Edit

Share via


What is Azure Content Understanding in Foundry Tools?

Note

Content Understanding is now a Generally Available (GA) service with the release of the 2025-11-01 API version. For details see What's New.

Azure Content Understanding in Foundry Tools is an Foundry Tool that's available as part of the Microsoft Foundry Resource in the Azure portal. It uses generative AI to process/ingest content of many types (documents, images, videos, and audio) into a user-defined output format. Content Understanding offers a streamlined process to reason over large amounts of unstructured data, accelerating time-to-value by generating an output that can be integrated into automation and analytical workflows.

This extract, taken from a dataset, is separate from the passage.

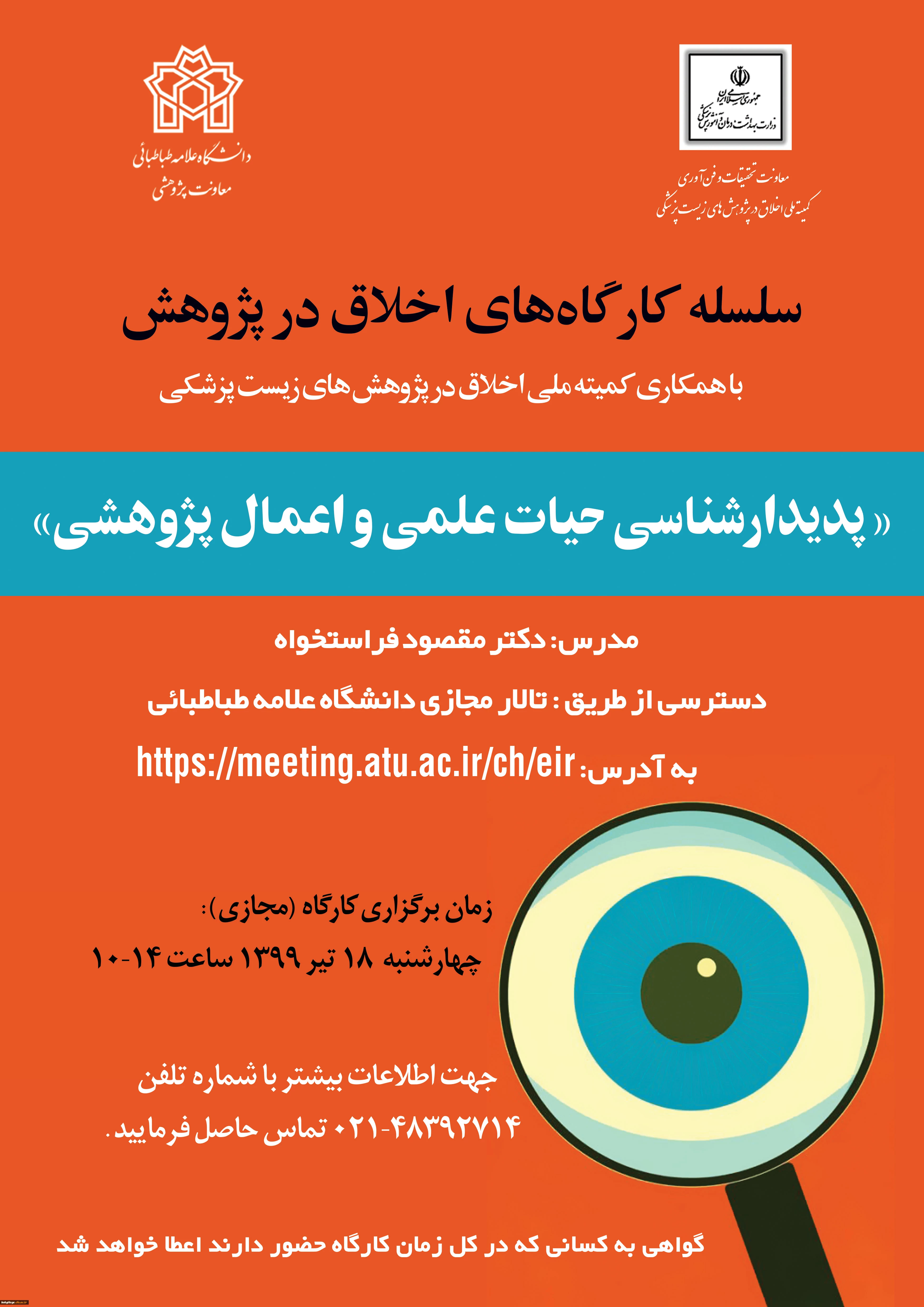 فراخوان سلسله کارگاه های اخلاق در پژوهش با عنوان پدیدارشناسی حیات علمی و اعمال پژوهشی 2

Content Understanding is now a Generally Available (GA) service with the release of the 2025-11-01 API version. It's now available in a broader range of regions. For details on the updates in the GA release see the Content Understanding What's New page.

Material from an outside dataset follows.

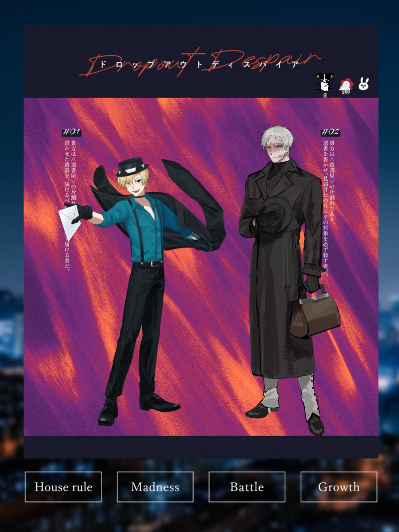 がらんどうの箱☆quiet followMEMO𝗖𝗮𝗹𝗹 𝗼𝗳 𝗖𝘁𝗵𝘂𝗹𝗵𝘂『ドロップアウトディスパイア』▸ 𝗪𝗿𝗶𝘁𝗲𝗿 茶鰯 様▸ 𝗞𝗣 日雀▸ 𝗣𝗖/𝗣𝗟 𝖧𝖮𝟣:セドリウス・ブラント / 花子 𝖧𝖮𝟤:コラード=ヴェルミリオ / 精肉組合/// 両生還にてシナリオ終了 ##からんどうの呼び声 Tap to full screen (size:2100x2800).Repost is prohibited Let's send reactions! freqpopularsnackothersPayment processing Replies from the creator Follow creator you care about!☆quiet follow がらんどうの箱MEMO𝗖𝗮𝗹𝗹 𝗼𝗳 𝗖𝘁𝗵𝘂𝗹𝗵𝘂『同居人』▸ 𝗪𝗿𝗶𝘁𝗲𝗿 超高音 様▸ 𝗞𝗣 日雀▸ 𝗣𝗖/𝗣𝗟 鮫島 綾人 / ブリ 遠賀 海月 / 朽碌/// 両生還にてシナリオ終了 がらんどうの箱MEMO𝗖𝗮𝗹𝗹 𝗼𝗳 𝗖𝘁𝗵𝘂𝗹𝗵𝘂『ドロップアウトディスパイア』▸ 𝗪𝗿𝗶𝘁𝗲𝗿 茶鰯 様▸ 𝗞𝗣 日雀▸ 𝗣𝗖/𝗣𝗟 𝖧𝖮𝟣:セドリウス・ブラント / 花子 𝖧𝖮𝟤:コラード=ヴェルミリオ / 精肉組合/// 両生還にてシナリオ終了 がらんどうの箱MEMO𝗖𝗮𝗹𝗹 𝗼𝗳 𝗖𝘁𝗵𝘂𝗹𝗵𝘂『カンカカリ』▸ 𝗪𝗿𝗶𝘁𝗲𝗿 のみすぐり 様▸ 𝗞𝗣𝗖 しま▸ 𝗣𝗖/𝗣𝗟 𝖧𝖮𝟣:鷲見 悠一 / 日雀 𝖧𝖮𝟤:印吟 武礼 / 🚽 𝖧𝖮𝟥:三角 直巳 / クルマ 𝖧𝖮𝟦:九鳥 ぽっぽ / 置き場/// 全生還にてシナリオ終了 がらんどうの箱MEMO𝗖𝗮𝗹𝗹 𝗼𝗳 𝗖𝘁𝗵𝘂𝗹𝗵𝘂『franc』▸ 𝗪𝗿𝗶𝘁𝗲𝗿 ごくつぶし 様▸ 𝗞𝗣 ひろちゃん▸ 𝗣𝗖/𝗣𝗟 帯鵟 宰 / 日雀/// 生還にてシナリオ終了 がらんどうの箱MEMO𝗖𝗮𝗹𝗹 𝗼𝗳 𝗖𝘁𝗵𝘂𝗹𝗵𝘂『青白い馬』▸ 𝗪𝗿𝗶𝘁𝗲𝗿 ヴォンボ 様▸ 𝗞𝗣𝗖 門真 新 / 捲土重来▸ 𝗣𝗖/𝗣𝗟 文崎颯鳥 / 日雀/// 両生還にてシナリオ終了 がらんどうの箱MEMO𝗖𝗮𝗹𝗹 𝗼𝗳 𝗖𝘁𝗵𝘂𝗹𝗵𝘂『キルキルイキル』▸ 𝗪𝗿𝗶𝘁𝗲𝗿 ○助 様▸ 𝗞𝗣 日雀▸ 𝗣𝗖/𝗣𝗟 宗岡 仁 / 24314 真冬 碧 / ヲタリア食堂/// 両生還にてシナリオ終了

Screenshot of Content Understanding overview, process, and workflow.

Why use Content Understanding?

Content Understanding accelerates time to value by enabling straight-through processing of unstructured data with confidence scores, minimizing manual review and reducing operational costs. Key benefits include:

  • Simplify and streamline workflows. Content Understanding standardizes the extraction and classification of content, structure, and insights from various content types into a unified process.

  • Simplify field extraction. Content Understanding's field extraction makes it easier to generate structured output from unstructured content. Define a schema to extract, classify, or generate field values with no complex prompt engineering

  • Enhance accuracy. Content Understanding employs multiple AI models to analyze and cross-validate information simultaneously, resulting in more accurate and reliable results.

  • Confidence scores & grounding. Content Understanding ensures the accuracy of extracted values while minimizing the cost of human review.

  • Classify content types. Content Understanding enables you to classify your document types to streamline your ability to process content, now available in a unified approach in the Analyze API.

  • Industry-specific prebuilt analyzers. Content Understanding includes prebuilt analyzers designed for industry-specific scenarios including: Tax preparation, procurement document processing, contract analysis, call center analytics, media analysis, and much more.

Content Understanding use cases

  • Intelligent document processing (IDP). Content Understanding enables intelligent document processing by converting unstructured documents into structured data with high accuracy. Confidence scores and grounding capabilities ensure data quality while minimizing manual review and reducing operational costs. For example, automate invoice processing, contract analysis, and claims management by extracting and validating fields from complex documents.

  • Agentic applications. Content Understanding is the tool for agents turning messy, multimodal file inputs into predictable, standardized inputs. It delivers clean markdown representations for reasoning and knowledge workflows, ensuring clarity and context for downstream tasks. When structured data is required, it provides schema-aligned key-value fields with confidence scores and grounding, enabling agents to automate decisions with accuracy and auditability.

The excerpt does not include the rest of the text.